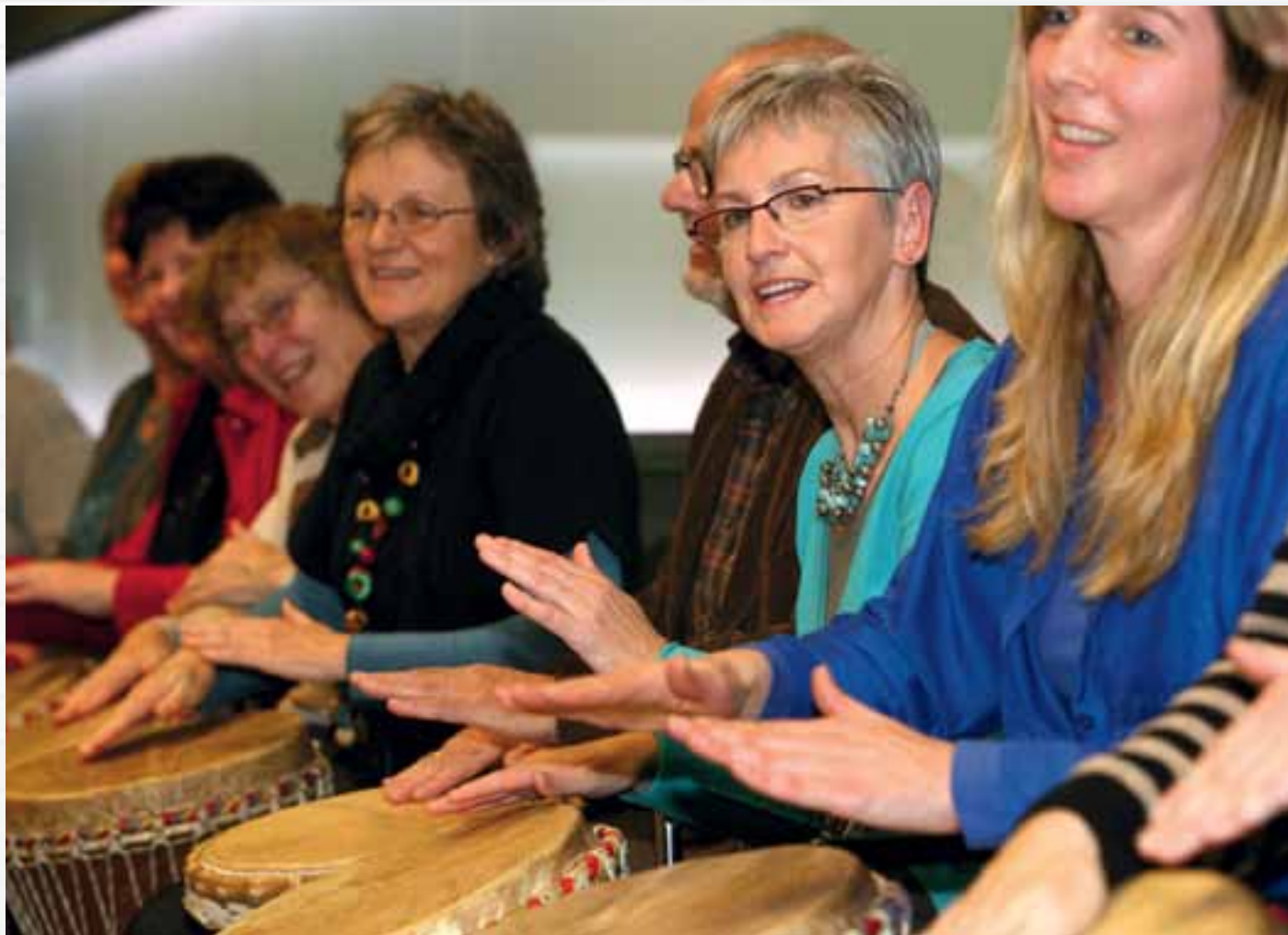
▲ Tijdens een workshop op de Landelijke Diaconale Dag kunnen diaconen elkaar inspireren. • Foto: Jaap de Jager
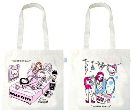
コットンバッグ[2柄] 各 ¥800
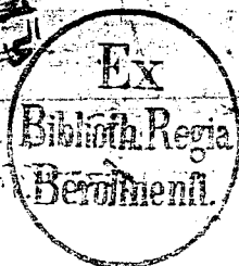
٢ - صورة الغلاف من نسخة «برلين» الألمانية (ب)
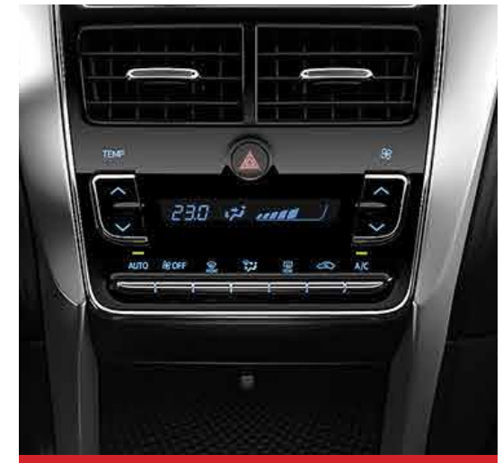
Aire acondicionado con climatizador automático digital. 1
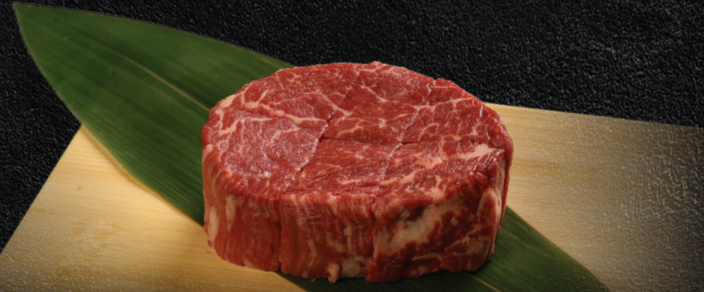
Filet Mignon 150gm
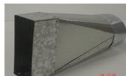
Instort verloop - Ø125mm
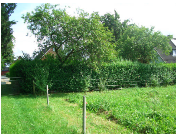
Abb.6: Nachbargrundstück 7b
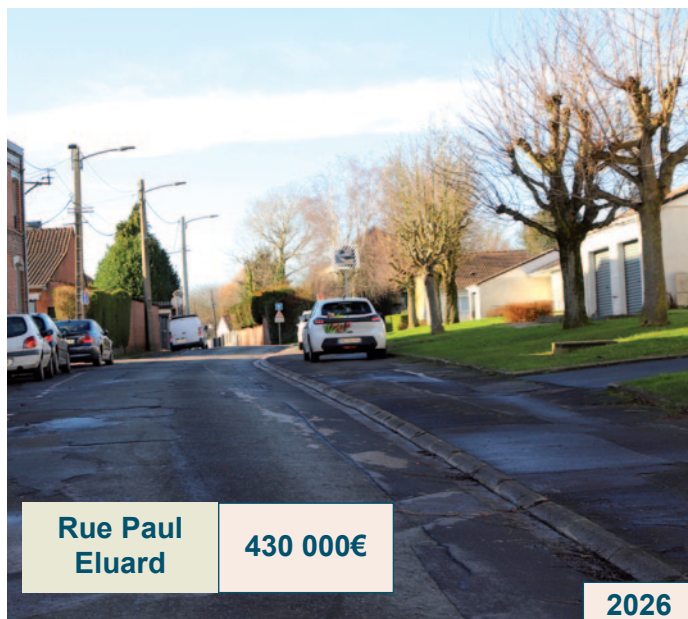
Rue Paul Eluard
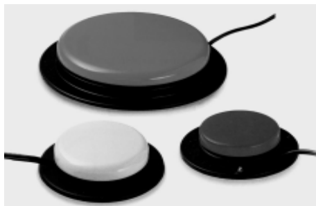
Ilustrações mostram teclado especial, mouse com adaptação e acionadores de pressão
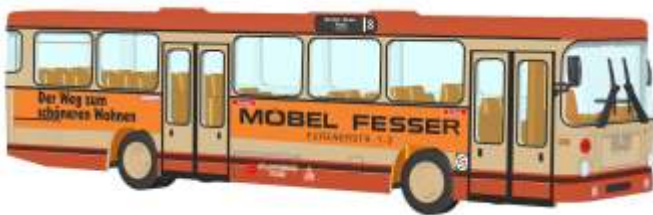
MAN SL 200 „Stadtwerke Trier“ 72310 | 1:87 | D | PG 49

--------------------------------

> WORK ITEM:
Reproduce every line above exactly as written, omitting the images.

> TASK ANSWER:
▲ Tijdens een workshop op de Landelijke Diaconale Dag kunnen diaconen elkaar inspireren. • Foto: Jaap de Jager
コットンバッグ[2柄] 各 ¥800
٢ - صورة الغلاف من نسخة «برلين» الألمانية (ب)
Aire acondicionado con climatizador automático digital. 1
Filet Mignon 150gm
Instort verloop - Ø125mm
Abb.6: Nachbargrundstück 7b
Rue Paul Eluard
Ilustrações mostram teclado especial, mouse com adaptação e acionadores de pressão
MAN SL 200 „Stadtwerke Trier“ 72310 | 1:87 | D | PG 49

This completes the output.